• _Work instructions_
Starting at the line that contains "This Colt Government", write out every line through the end of the records below exactly as it appears, and leave out all pictures.

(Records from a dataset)

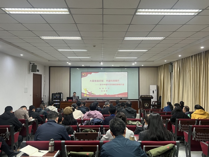 陈殿勇教授围绕大国重器的战略定位、科技创新的驱动作用及标志性科技设施的发展成就三个方面展开授课。
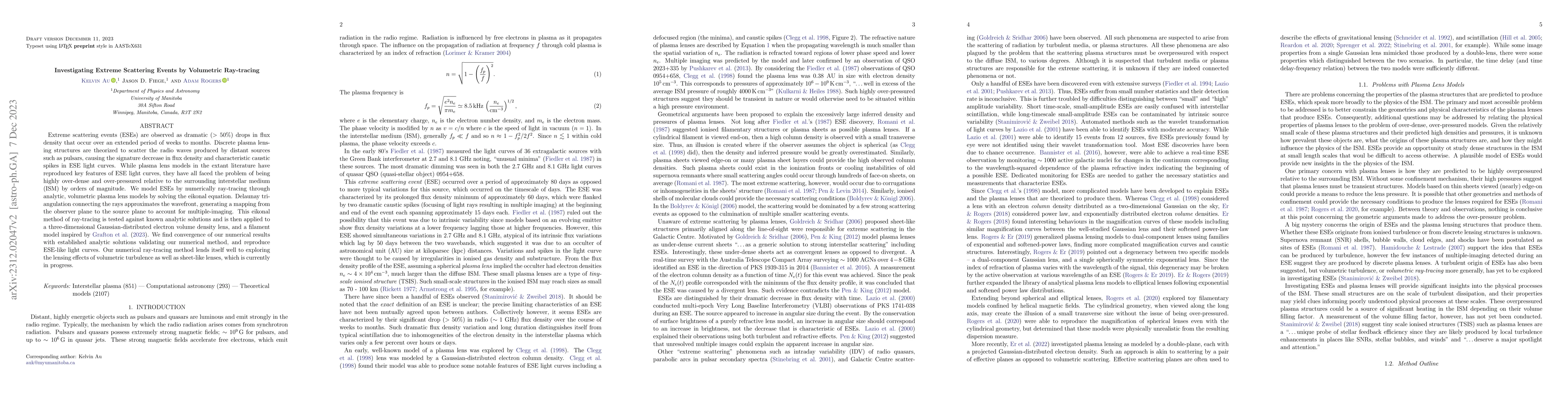 This paper investigates extreme scattering events (ESEs) using volumetric ray-tracing to model plasma lensing structures. The authors validate their eikonal-based ray-tracing method against known solutions and apply it to Gaussian-distributed and filament models, successfully reproducing ESE-like light curves.
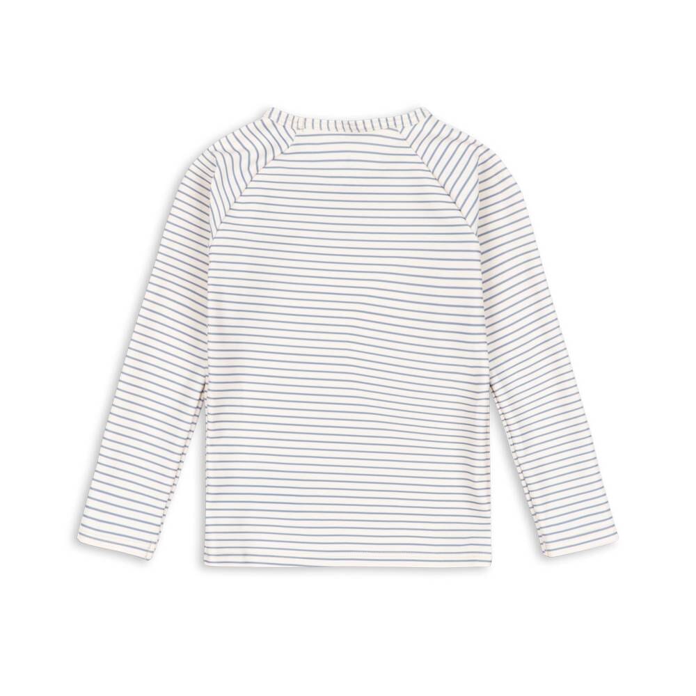 Aster zwem-T-shirt in de print Stripe bluie van Konges Sløjd. Deze top met lange mouwen, beschermt tegen de UV-stralen van de zon met de hoogste ultravioletbeschermingsfactor, SPF 50+.
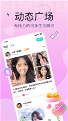 2、动态广场板块,让用户无压力的记录生活的瞬间,用户可以上传自己的动态,视频、照片和生活感悟。
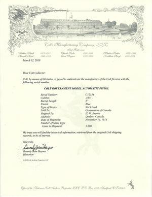 This Colt Government Model was ordered by the Government of Canada and shipped to H.W. Brown in Quebec, Canada on November 14th, 1914 in a 1,000 gun shipment.
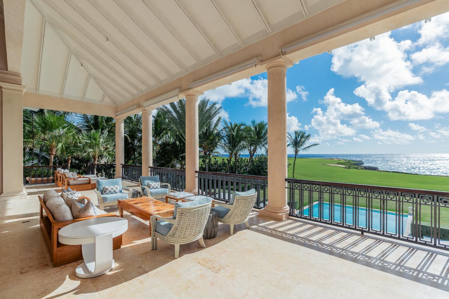 Villa Miramar, an architectural statement situated along the 18th hole at the Corales Championship Course, where fairway greens give way to the endless Caribbean, can be seen by following the coral-fringed coast past swaying palms.

• _The answer_
 This Colt Government Model was ordered by the Government of Canada and shipped to H.W. Brown in Quebec, Canada on November 14th, 1914 in a 1,000 gun shipment.
 Villa Miramar, an architectural statement situated along the 18th hole at the Corales Championship Course, where fairway greens give way to the endless Caribbean, can be seen by following the coral-fringed coast past swaying palms.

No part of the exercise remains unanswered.